Employer’s Attorney May Be Sued for Retaliation Under

Fair Labor Standards Act

In a 9th Circuit Case decided June 22, 2017, a plaintiff alleged that after he filed suit against his employer in state court, the employer’s attorney, acting as its agent, retaliated against him by planning for U.S. Immigration and Customs Enforcement, (“ICE”), to take him into custody at a scheduled deposition and then to remove him from the United States.  Jose Arnulfo Arias v. Anthony Raimondo, U.S. Court of Appeals for the Ninth Circuit, 2017 U.S.App.

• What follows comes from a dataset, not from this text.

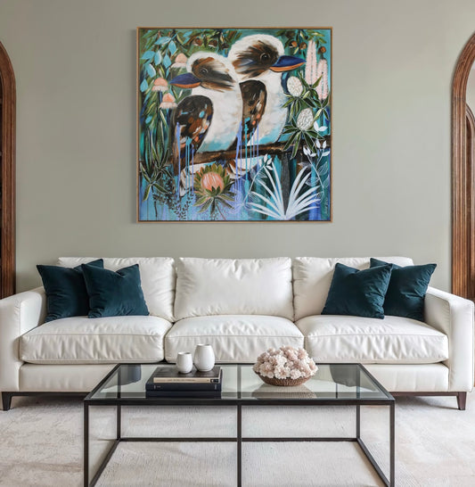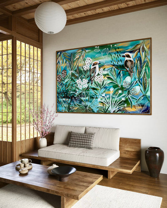 Lush Whispers - Kookaburras in a native retreat - 1.2x820Vendor:Julia Jones ArtRegular price $680.00Regular priceUnit price / per-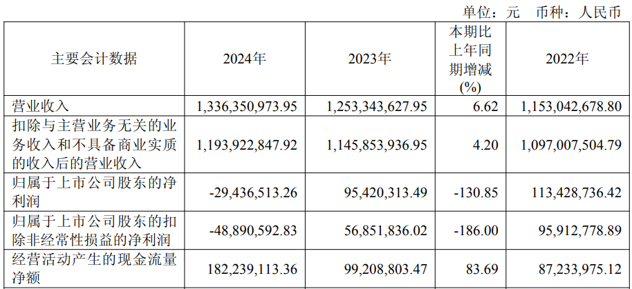 2024年,长阳科技实现营业收入13.36亿元,同比增长6.62%;归属于上市公司股东的净利润-2943.65万元,上年为9542.03万元;归属于上市公司股东的扣除非经常性损益的净利润-4889.06万元,上年为5685.18万元;经营活动产生的现金流量净额为1.82亿元,同比增长83.69%。

LEXIS 11074, June 22, 2017.

The question to be decided in this case was as follows:  Can an employer’s attorney be held liable for retaliating against his client’s employee because the employee sued his client for violations of workplace laws?  The district court’s decision was no.  But the 9th Circuit Court of Appeals said yes.

Plaintiff Jose Arnulfo Arias went to work as a milker for Angelo Dairy in 1995.  The employer did not complete and file a Form I-9 regarding his employment eligibility in the United States.

When Arias informed his employer in 1997 that he had been offered a position with a competing dairy, his employer responded that if he left to work at the other dairy, the employer would report the other dairy to federal immigration authorities as an employer of undocumented workers, which Arias was.  This threat caused Arias to forego his employment opportunity and remain with Angelo Dairy.

In 2006, Arias sued Angelo Dairy in California state court alleging causes of action for himself and other workers.  He alleged a variety of workplace violations, including failure to provide overtime pay, rest and meal periods.

However, on June 1, 2011, ten weeks before the state court trial, Angelo Dairy’s attorney, Anthony Raimondo, set in motion a plan to derail Arias’s lawsuit.  He contacted ICE to take Arias into custody at a scheduled deposition and then to remove him from the United States.  A second part of his plan was to block the legal services agency from representing him.

On May 8, 2013, Arias filed a federal lawsuit alleging retaliation under the Fair Labor Standards Act, (“FLSA”), 29 U.S.C. §201 et seq.  He alleged that Raimondo, acting as the Dairy’s agent, retaliated against him in violation of the FLSA.  In his motion to dismiss, Raimondo’s sole legal defense was that because he was never Arias’s actual employer, he could not be held liable under the FLSA for retaliation against someone who was never his employee.

The Appeals Court looked at FLSA’s anti-retaliation provision, which makes it unlawful “for any person … to discharge or in any other manner discriminate against any employee because such employee has filed any complaint …”  Section 215 (a)(3).  The FLSA defines the term “person” to include a “legal representative,” Section 203(a), and defines “employer” to include “any person acting directly or indirectly in the interest of an employer in relation to an employee,” Section 203(d), 216(b).

The court reasoned that while the wage and hour provisions of the FLSA focus on employers, the anti-retaliation provision refers to “any person” who retaliates.  29 U.S.C. Sec. 215(a)(3).

The court denied the motion to dismiss and ruled that Arias could proceed with his retaliation claim against Attorney Raimondo.